Security flaw that should be noted

[Clemens-E]

I really like this approach for stateless captcha, and it definitely has its use cases where you only want to prevent automatic and unintelligent spam.
After solving a captcha once, a user can simply generate as many valid JWT tokens as they want and bypass that captcha until the JWT for the captcha expires (which seems to be 1400m if I'm not mistaken)
You should maybe add a disclaimer in the repo, or implement a simple cache to store used captchas until they expiry (and set a shorter expiry), but repo seems abandoned

[vesolovski]

I agree with your remark on the security flaw and there is one more flaw - the "/captcha" post request returns something like:

"validation":"eyJhbGciOiJIUzI1NiIsInR5cCI6IkpXVCJ9.eyJhbnN3ZXIiOiJQUFlCNHYiLCJpYXQiOjE2Nzc5NDk3NzcsImV4cCI6MTY3ODAzMzc3N30.5vbMHRbhvSLyGuc6xLDBBaln-fsfyDUCbOwUVVuXtog"

which contains the answer and is easy to decode

see e.g.
https://jwt.io/#debugger-io?token=eyJhbGciOiJIUzI1NiIsInR5cCI6IkpXVCJ9.eyJhbnN3ZXIiOiJQUFlCNHYiLCJpYXQiOjE2Nzc5NDk3NzcsImV4cCI6MTY3ODAzMzc3N30.5vbMHRbhvSLyGuc6xLDBBaln-fsfyDUCbOwUVVuXtog

[Clemens-E]

I never used this implementation, I just had a look for inspiration, my implementation uses AES/GCM.

But from reading through the code it looks like it shouldn't be able to decrypt ? Did you set CAPTCHA_TOKEN_SECRET like in the example?

[vesolovski]

congrats - may I ask how did you manage to prevent the usage of the same captcha/hash multiple times?
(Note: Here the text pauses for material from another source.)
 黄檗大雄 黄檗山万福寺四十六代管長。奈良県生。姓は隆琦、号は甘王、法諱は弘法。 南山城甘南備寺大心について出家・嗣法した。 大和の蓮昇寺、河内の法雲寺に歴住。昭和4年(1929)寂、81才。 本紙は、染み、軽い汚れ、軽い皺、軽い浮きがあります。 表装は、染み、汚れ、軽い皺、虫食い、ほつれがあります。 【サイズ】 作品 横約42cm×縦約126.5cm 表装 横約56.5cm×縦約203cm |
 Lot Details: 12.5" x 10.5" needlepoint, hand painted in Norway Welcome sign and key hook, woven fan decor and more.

I am considering embegging expiration time or captcha counter in the hash. But it has flaws:

• expiration time allows the use of the same captcha/hash for this period of time - maybe short but still
• captcha counter e.g. 1, 2, 3, ..., 400 - each captcha render increases the number and previous numbers cannot be used. but for multiple users at the same time the counter might increase by another user making the captcha already loaded in html invalid for someone else (counter saved in some file - common for all users to make it stateless)
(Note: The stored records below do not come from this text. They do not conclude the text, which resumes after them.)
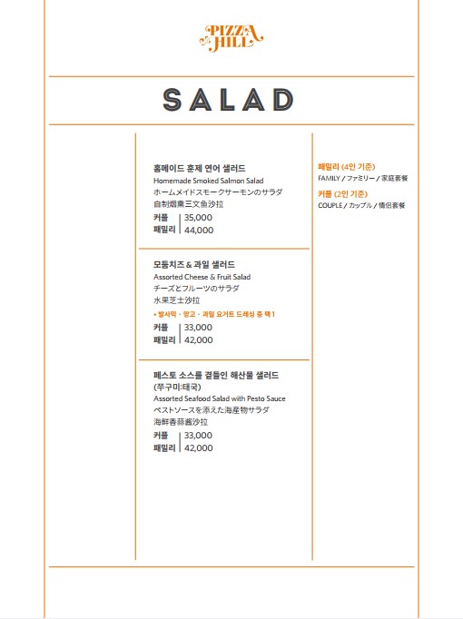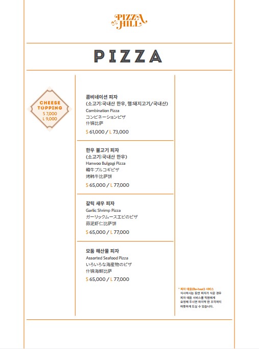 피자힐에서 여러 메뉴들을 먹어봤지만 여기는 피자가 단연 맛있다. 파스타류는 가격 대비 만족감을 느끼지 못했다. 그런데 피자는 언제나 맛있게 먹었다. 우리는 4가지 맛을 다 느낄 수 있는 콰트로 피자를 시켰다(가격 95000원).
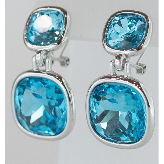Серьги женские из гипоаллергенного ювелирного сплава серого цвета со вставкой из кварца, цвет- голубой. Высота серег- 3,0см, ширина-1,5см. Итальянский замок ( штифт-1,2см и клипса).
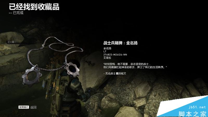 战斗结束后继续前进,会来到墓地外,不要急着进入,在墓地对面有辆破车,破车后面拾取【收藏品:战士兵籍牌-金名扬】。

I implemented the restless-captcha and the above validation code was from my running implementation (as you can see it contains the answer easily decodeable). also in the readme it stands:

to verify the user's answer submit an object with the nonce, the answer and the validation string to /captcha/verify

{
nonce: '1223dsfdres-434-dd',
answer: 'mk4f8h',
validation: "ksafrp348573pfsldkfjlj.............."
};

so the validation code needs to be known by the client (thus the answer in it).

[Clemens-E]

To be noted, my implementation was only an MVP, I generated a random captcha image with 4 digit answers.
I also generate a json, that has the answer and a generation timestamp, then I encrypt it with AES/GCM with a static private key defined in the application (and a strong random IV (IV is AES specific)).
The Client receives the image and the encrypted message. Then, the client hast to send back the encrypted message, and the answer to the captcha.
The Backend tries to decrypt the message, checks if it is expired (say, after 15 mins), and checks if the answers match.

You can now do nothing, but that leaves the loophole of generating as many keys as you want in that time period.
My solution would be to either store the "used" captchas in a simple array or map in memory, and remove expired captchas from it.
How you identify the used captchas is up to you, preferably you should add some kind of ID in to generate JSON?

The only issue with that is, It's not really stateless anymore, but it's definitely using less state, and when you have some random bot attack you don't actually have to store anything because they most likely won't solve the captcha anyway. Ram usage would be minimal for storing a bunch of IDs that are cleaned anyway.
I'm planning to use this in a system where restarts happen once a week max, and we only have two nodes. So, the possibility of exploiting this on a large scale is nonexistent (unless you have AI to solve the captchas, I guess). Even if you somehow manage to switch nodes, you would be able to use the same captcha only twice, and I don't care about that.

If you have many nodes, you probably want some simple Redis instance that automatically removes the used keys for you after they expired (you only have to store them for 15 mins max because they expired anyway) and the captcha can only really be used once.

I don't see any further loophole in this, but my implementation is only meant to protect from unintelligent bots, and not a human attacker.